Improving Diagnosis of Alzheimer’s Disease by Data Fusion Volume 49- Issue 5

Zhanpan Zhang1*, Dipen P Sangurdekar1, Susan Baker2 and Cristina A Tan Hehir1

  • 1GE Global Research, Niskayuna, USA
  • 2Janssen Research & Development, Neurosciences, USA

Received: April 13, 2023;   Published: April 19, 2023

*Corresponding author: Zhanpan Zhang, GE Global Research, Niskayuna, NY, USA

DOI: 10.26717/BJSTR.2023.49.007866

Abstract PDF


Blood-based protein biomarkers predicting brain amyloid burden would have great utility for the enrichment of Alzheimer’s Disease (AD) clinical trials, including large-scale prevention trials.
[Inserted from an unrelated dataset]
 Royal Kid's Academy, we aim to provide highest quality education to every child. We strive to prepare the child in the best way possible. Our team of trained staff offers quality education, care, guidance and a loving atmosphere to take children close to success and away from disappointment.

In this paper, we adopt data fusion to combine multiple high dimensional data sets upon which classification models are developed to predict amyloid burden as well as the clinical diagnosis. Specifically, non-parametric techniques are used to pre-select variables, and random forest and multinomial logistic regression techniques with LASSO penalty are performed to build classification models. We apply the proposed data fusion framework to the AIBL imaging cohort and demonstrate improvement of the clinical status classification accuracy. Furthermore, variable importance is evaluated to discover potential novel biomarkers associated with AD.

Keywords: Alzheimer’s Disease; Data Fusion; Classification; Variable Selection

Abbreviations: PET: Positron Emission Tomography; CF: Cerebrospinal Fluid; PIB: Pittsburgh Compound B; MCI: Mild Cognitive Impairment; KNN: K-Nearest-Neighbor; SAM: Significance Analysis of Microarrays; OOB: Out-Of-Bag; AIBL: Lifestyle Flagship Study of Aging; SURR: Standardized Uptake Value Ratio; AD: Alzheimer’s Disease


Alzheimer’s disease (AD) is the most common form of dementia in later life, affecting 1 in 8 people by the age of 65 years. The diagnosis of AD can only be confirmed, with certainty, by histologic examination of the brain tissue at autopsy. A key pathological hallmark of AD is the deposition of amyloid-β (Aβ) in the brain, and there is a strong association between brain amyloid burden and the risk of developing AD-like pathology. It is believed that Aβ accumulation precedes clinical presentation of cognitive impairment by many years [1], enabling detection of preclinical AD and promoting pre-symptomatic treatment of AD should a disease modifying treatment becomes available. In living patients, Aβ burden is determined either by cerebrospinal fluid (CSF) biomarkers or positron emission tomography (PET) with Aβ radiopharmaceuticals such as 11C-Pittsburgh compound B (PiB) [2]. Recent FDA approval of longer-lived 18F amyloid imaging radiopharmaceuticals could promote their use in clinical practice [3]. Amyloid PET scan allows a semi-quantitative in vivo assessment of Aβ deposition in the subject brains because its uptake in AD correlates with Aβ plaques measured neuropathologically in the same brains [4]. However, this approach is costly and is restricted to specialized centers. CSF sampling is invasive and there are no standardized methods to handle and analyze CSF biomarkers resulting in variability across different labs [5]. For cost-effective, simple, and non- invasive testing, blood-based biomarkers that predict brain amyloid burden would have great utility in identifying subjects at risk for AD.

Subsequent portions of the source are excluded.